10. The device of claim 8, wherein said second substrate further comprises:

a second electrode on said second substrate, wherein said insulating layer faces said phospholipid layer/liquid crystal layer located on said first substrate.

11. The device of claim 8, wherein said second substrate further comprises: an insulating layer on said second electrode, wherein said insulating layer faces said phospholipid layer/liquid crystal layer located on said first substrate.

12. The device of claim 1, wherein at least one of the first and the second substrate is a plastic selected from the group consisting of a cycloolefin polymer, a cycloolefin copolymer and a polydimethylsiloxane.

13. The device of claim 1, wherein the liquid crystal layer has at least one of a homeotropic alignment, and a homogeneous alignment.

14. The sensor device of claim 1, wherein the liquid crystal layer comprises a liquid crystal selected from the group consisting of thermotropic liquid crystals with positive dielectric anisotropy, thermotropic liquid crystals with negative dielectric anisotropy, thermotropic liquid crystals with no dielectric anisotropy, dual-frequency liquid crystals, discotic liquid crystals, lyotropic liquid crystals, and combinations of the foregoing.

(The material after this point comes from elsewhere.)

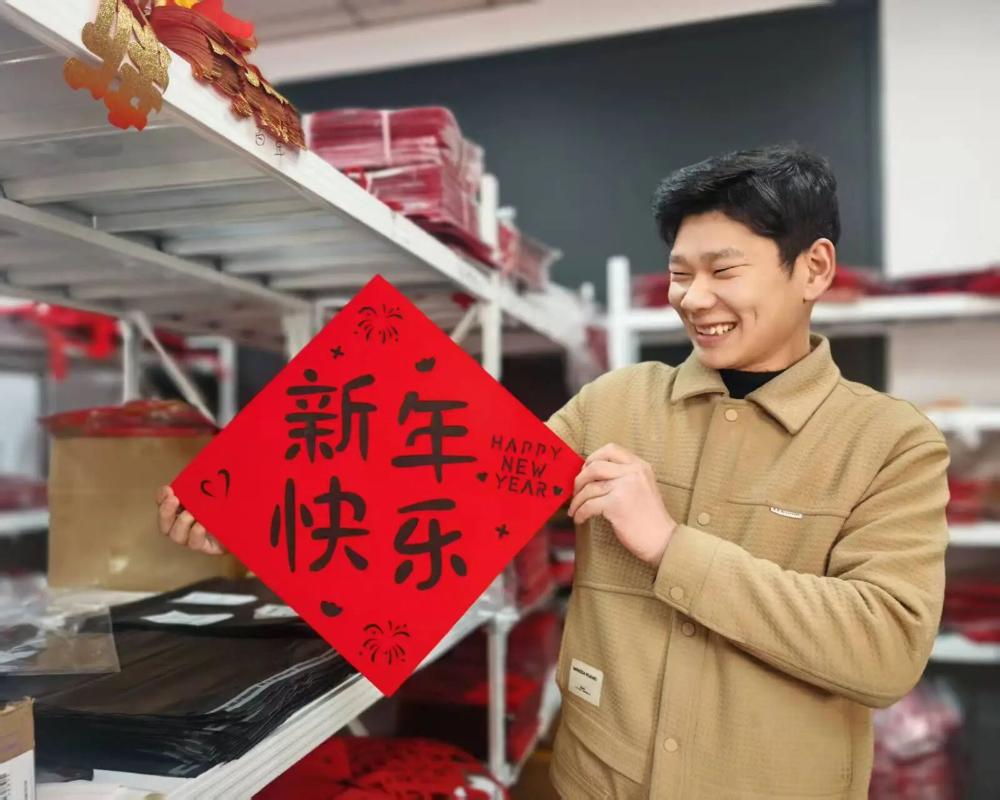 据了解,春节前,前大章乡的电商直播迎来销售高峰,产业园内,单个直播间抖音平台日均销售量2000余单。与此同时,四德村个体工商户也忙得热火朝天。对联、福字成了爆款,订单量翻倍增长,销售额节节攀升。直播间里“年味”十足,主播们带着大家挑选春节装饰,后台订单不断刷新,打印纸一卷接一卷,打包好的快递堆成小山,村民们加班加点却干劲十足:“忙是忙,但看着订单多、收入涨,心里高兴!”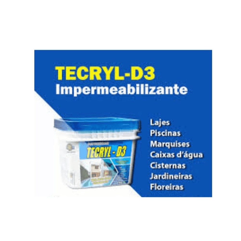 TECRYL - D3 Produto impermeabilizante flexível de base acrílica, aplicável a frio que já vem pronto para uso, eliminando a utilização de maçaricos e caldeiras. Não apresenta qualquer emenda na sua totalidade, não havendo, portando, a existência de pontos fracos ou vulneráveis. Produzido dentro dos mais altos padrões de qualidade, quando aplicado, forma uma manta impermeabilizante de grande aderência, excelente estabilidade térmica e de grande resistência à ação dos raios ultravioletas, após a cura forma uma manta elástica, flexível, suportando eventuais solicitações estruturais, em juntas de dilatação e fissuras. Devido as suas qualidades técnicas, tem sido utilizado nas mais diversas áreas onde as tradicionais mantas tomaram-se ineficazes, conciliando baixo custo, praticidade de aplicação, alta performance e durabilidade. Consumo Apropriado 1 à 2 kg/ m². O cálculo do consumo deve ser aproximadamente 2,0 kg/m² ou 0,5 kg/demão/m². Precisando apenas ser homogeneizado com misturador mecânico ou manual e aplicado com trincha, rolo de lã de carneiro ou pincel, de 2 a 4 demãos cruzadas (1 a 2 kg por m²), conforme indicação da tabela de média de consumo. Intervalo de tempo entre as demãos está ligado às condições de intemperismo do local. Normalmente, o intervalo entre camadas é de 30 a 40 minutos em dias arejados. Não é indicado a aplicação em dias chuvosos, exceto em áreas cobertas, resguardando o tempo entre a aplicação e as demãos seguintes devido à secagem do produto que será mais demorada. Obs: Nos rodapés, a tela deverá subir mínimo de 20 centímetros. Superfície As superfícies deverão estar limpas e completamente secas, isentas de partículas soltas, pedriscos, graxas, óleos, poeiras, pontas de ferro e qualquer outra substancia que possa interferir na aderência do produto ao substrato. Se tratando de superfícies novas (concretagem) a mesma deverá estar totalmente curada, no mínimo de 28 dias e reboco mínimo de 10 dias. Existindo pequenas fissuras, juntas de dilatações, junções de lajes, superfícies sujeitas a pressão hidrostática, ralos, meias-canas e lajes acima de 50m², é indispensável o uso da tela de poliéster SUPER TELA TECRYL, entre 1ª e 2ª demão, para estruturar a membrana. Em áreas menores que 50m², deve-se analisar a necessidade da tela em toda área, principalmente se a área estiver sujeita a trincas e movimentações estruturais. Para aplicação em telhas galvanizadas com objetivo de impermeabilizar, cobrir pequenos furos e REDUÇÃO DE CALOR, verifique se as mesmas estão isentas de ferrugem, caso contrário remova toda ferrugem com escova de aço e em seguida limpe bem com pano semi-úmido, espere secar e faça a aplicação, e para aplicação em telhas de fibrocimento, basta remover bem a sujeira e sem seguida fazer a aplicação. O TECRYL D3 é bem resistente a temperaturas quentes do ambiente. A superfície deverá estar regularizada com caimento mínimo de 2% em direção aos ralos, livre de qualquer área sujeita a empoçamento de água. O produto permite a aplicação em superfícies com pequenas irregularidades desde que a recomendação básica seja aplicada, nesta situação o consumo é superior ao estimado e requer uma maior atenção por parte do profissional durante a aplicação. -Nunca aplicar em dia com prognóstico de chuva. Ideal é fazer aplicação em áreas abertas após dois dias de sol consecutivos. -Cura de 24h a 48h em locais arejados e se for em locais fechados, como piscinas e reservatórios suspensos até 7 dias. – Após cura fazer teste de estanqueidade por 72h. -Reservatório e caixa d’água potável, é importante que faça sanitização completa após cura do material e descarte essa água para em seguida abastecê-la novamente. -Aceita assentamentos de argamassas. (ACIII) -Em locais de trânsito, torna-se necessário a execução de piso de proteção. CONTRA INDICAÇÃO -Não aplicar sobre superfícies úmidas, por pressão negativa ou capilaridade. -Não aplicar sobre substratos betuminosos (asfalto) ou com solventes, pisos cerâmicos e pedra. -Não é transitável. Galão de 4 kg IMPERMEABILIZANTE MANTA LÍQUIDA TECRYL D-3 4KG BRANCA

15. The device of claim 1, wherein the liquid crystal layer comprises a dopant selected from the group consisting of a nanoparticle and a dye.

16. The device of claim 15, wherein the liquid crystal layer comprises a dye selected from the group consisting of a dichroic dye, a fluorescent dye, and a quantum dot(s).

17. The device of claim 1, wherein the phospholipid compounds are selected from the group consisting of 1,2-dioleoyl-sn-glycero-3-phosphocholine, 1,2-dipalmitoyl-sn-glycero-3-phosphocholine, 1,2-dimyristoyl-sn-glycero-3-phosphocholine, 1,2-distearoyl-sn-glycero-3-phosphocholine, 1,2-dilauroyl-sn-glycero-3-phosphocholine, 1,2-dimyristoleoyl-sn-glycero-3-phosphocholine (14:1, PC), 1,2-dipalmitoleoyl-sn-glycero-3-phosphocholine (16:1, PC), 1,2-dieicosenoyl-sn-glycero-3-phosphocholine (20:1, PC), 1,2-dierucoyl-sn-glycero-3-phosphocholine (22:1, PC), 1,2-dinervonoyl-sn-glycero-3-phosphocholine (24:1, PC) or combinations thereof.

18. The device of claim 1, comprising the at least one ganglioside GM1 recognition moiety.

19. The device of claim 8, wherein said first electrode and said second electrode, independently at each occurrence, is a non-interdigitated, plain electrode or an interdigitated electrode (IDE).

20. The device of claim 1, wherein the device further comprises two crossed polarizers below and above the liquid crystal layer respectively.